**PROBLEM DETAILS:**
Find the line containing "Лесной пейзаж в солнечный зимний день" in the entries below. Restate it and each line after it, word for word, up to and including the line containing "1970. Quarto [32".

**INPUT DATA:**
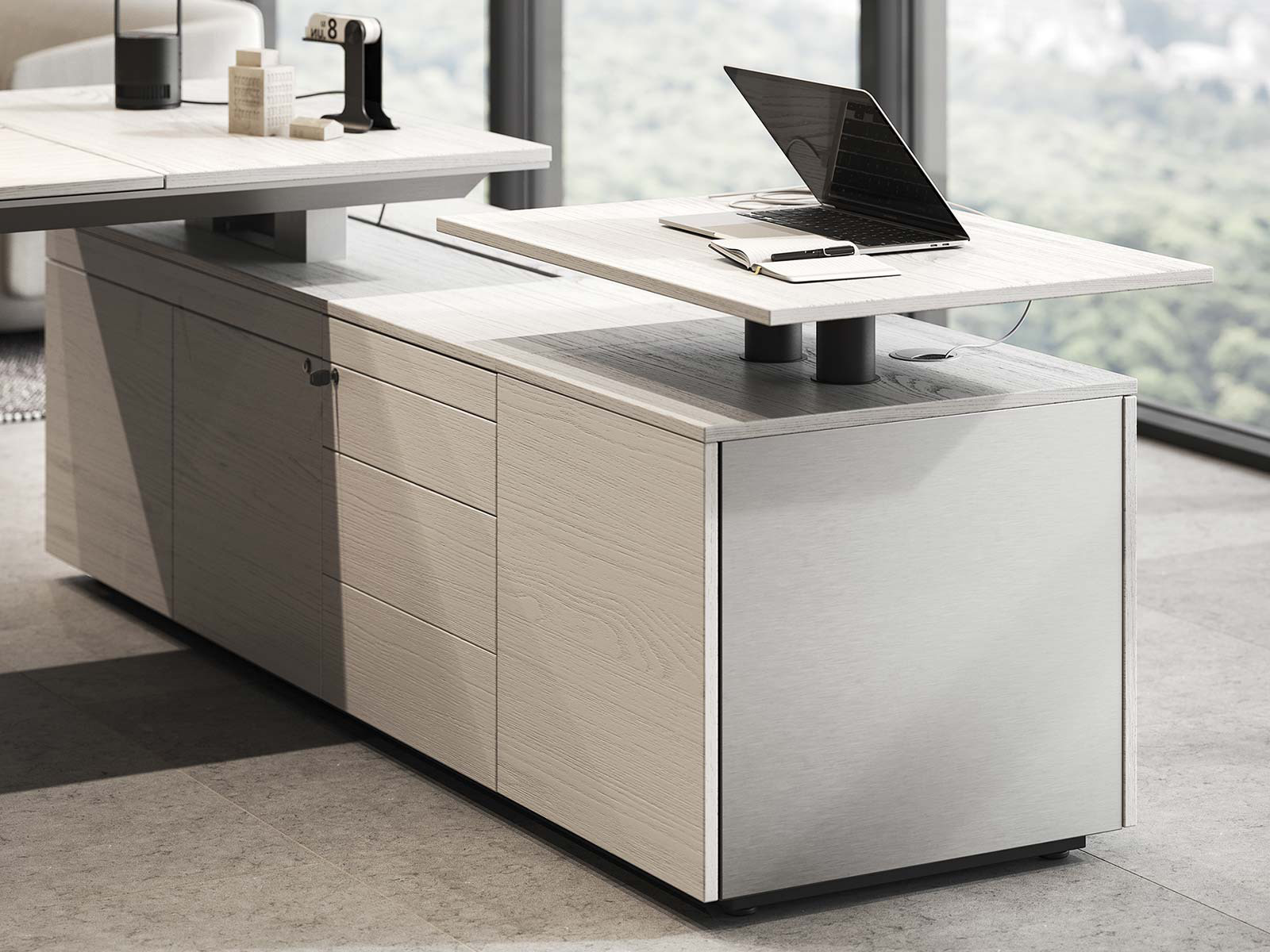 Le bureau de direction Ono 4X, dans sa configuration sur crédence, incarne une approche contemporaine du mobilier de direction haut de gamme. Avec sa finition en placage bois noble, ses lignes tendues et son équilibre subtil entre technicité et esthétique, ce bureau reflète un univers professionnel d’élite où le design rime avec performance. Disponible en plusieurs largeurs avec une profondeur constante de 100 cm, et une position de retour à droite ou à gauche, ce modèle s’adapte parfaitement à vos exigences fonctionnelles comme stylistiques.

...

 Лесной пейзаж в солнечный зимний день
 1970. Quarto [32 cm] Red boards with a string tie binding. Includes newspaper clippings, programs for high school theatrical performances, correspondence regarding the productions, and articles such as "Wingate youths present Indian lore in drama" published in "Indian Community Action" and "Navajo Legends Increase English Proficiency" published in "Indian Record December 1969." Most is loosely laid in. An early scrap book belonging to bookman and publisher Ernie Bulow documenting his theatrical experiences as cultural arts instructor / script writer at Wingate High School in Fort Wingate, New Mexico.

**RESPONSE:**
 Лесной пейзаж в солнечный зимний день
 1970. Quarto [32 cm] Red boards with a string tie binding. Includes newspaper clippings, programs for high school theatrical performances, correspondence regarding the productions, and articles such as "Wingate youths present Indian lore in drama" published in "Indian Community Action" and "Navajo Legends Increase English Proficiency" published in "Indian Record December 1969." Most is loosely laid in. An early scrap book belonging to bookman and publisher Ernie Bulow documenting his theatrical experiences as cultural arts instructor / script writer at Wingate High School in Fort Wingate, New Mexico.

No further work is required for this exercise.